Problem requirements: The material below has pictures in it. Set down only the lines from the line containing "Médaillon en céramique" through the line containing "i spoiwo społeczne.", word for word, and leave the pictures behind.

Information given:

============================================================

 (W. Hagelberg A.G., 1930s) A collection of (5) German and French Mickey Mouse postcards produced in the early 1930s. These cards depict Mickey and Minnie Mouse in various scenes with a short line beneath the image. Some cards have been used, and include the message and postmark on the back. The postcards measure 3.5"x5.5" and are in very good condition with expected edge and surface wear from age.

============================================================

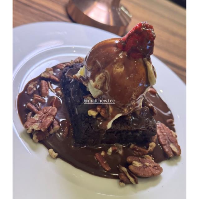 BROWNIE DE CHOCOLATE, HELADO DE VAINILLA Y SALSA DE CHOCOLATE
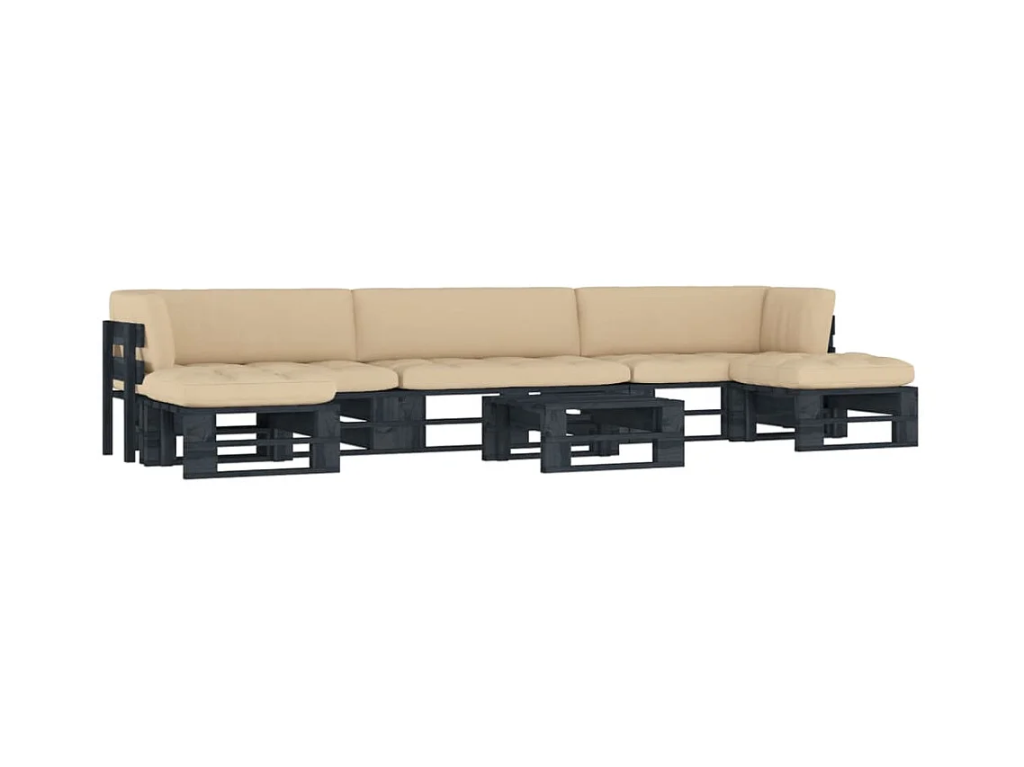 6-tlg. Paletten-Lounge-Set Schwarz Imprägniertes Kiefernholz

============================================================

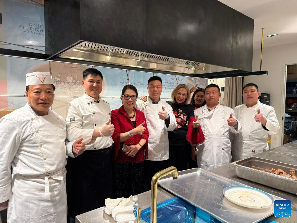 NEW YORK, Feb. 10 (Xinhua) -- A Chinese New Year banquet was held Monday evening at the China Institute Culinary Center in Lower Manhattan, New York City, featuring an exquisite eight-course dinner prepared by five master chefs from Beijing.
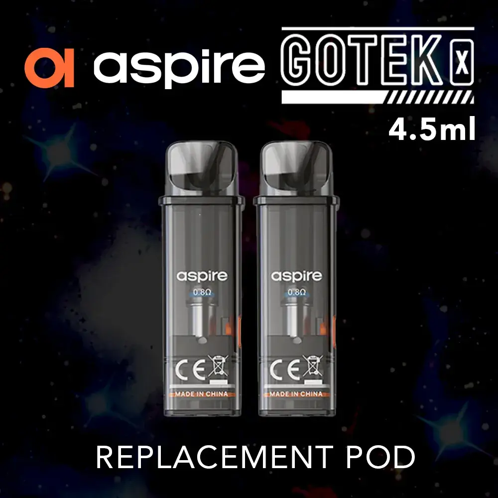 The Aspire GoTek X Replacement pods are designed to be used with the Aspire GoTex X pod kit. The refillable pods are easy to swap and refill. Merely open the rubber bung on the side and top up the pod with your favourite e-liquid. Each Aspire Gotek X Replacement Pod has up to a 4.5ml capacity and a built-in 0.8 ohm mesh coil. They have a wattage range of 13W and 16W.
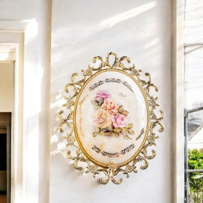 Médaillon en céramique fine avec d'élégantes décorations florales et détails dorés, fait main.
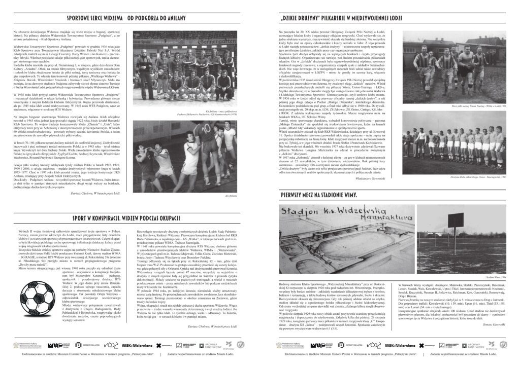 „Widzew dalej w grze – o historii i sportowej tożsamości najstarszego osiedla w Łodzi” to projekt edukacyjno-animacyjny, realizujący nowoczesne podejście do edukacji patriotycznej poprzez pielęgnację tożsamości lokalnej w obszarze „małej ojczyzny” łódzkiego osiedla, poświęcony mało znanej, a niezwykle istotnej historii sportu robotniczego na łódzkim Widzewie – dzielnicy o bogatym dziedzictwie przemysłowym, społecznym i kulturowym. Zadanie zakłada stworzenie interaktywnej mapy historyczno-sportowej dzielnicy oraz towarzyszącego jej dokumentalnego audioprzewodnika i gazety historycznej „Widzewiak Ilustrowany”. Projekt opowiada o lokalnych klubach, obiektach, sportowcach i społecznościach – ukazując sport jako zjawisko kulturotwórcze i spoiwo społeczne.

============================================================

Answer for this exercise:
 Médaillon en céramique fine avec d'élégantes décorations florales et détails dorés, fait main.
 „Widzew dalej w grze – o historii i sportowej tożsamości najstarszego osiedla w Łodzi” to projekt edukacyjno-animacyjny, realizujący nowoczesne podejście do edukacji patriotycznej poprzez pielęgnację tożsamości lokalnej w obszarze „małej ojczyzny” łódzkiego osiedla, poświęcony mało znanej, a niezwykle istotnej historii sportu robotniczego na łódzkim Widzewie – dzielnicy o bogatym dziedzictwie przemysłowym, społecznym i kulturowym. Zadanie zakłada stworzenie interaktywnej mapy historyczno-sportowej dzielnicy oraz towarzyszącego jej dokumentalnego audioprzewodnika i gazety historycznej „Widzewiak Ilustrowany”. Projekt opowiada o lokalnych klubach, obiektach, sportowcach i społecznościach – ukazując sport jako zjawisko kulturotwórcze i spoiwo społeczne.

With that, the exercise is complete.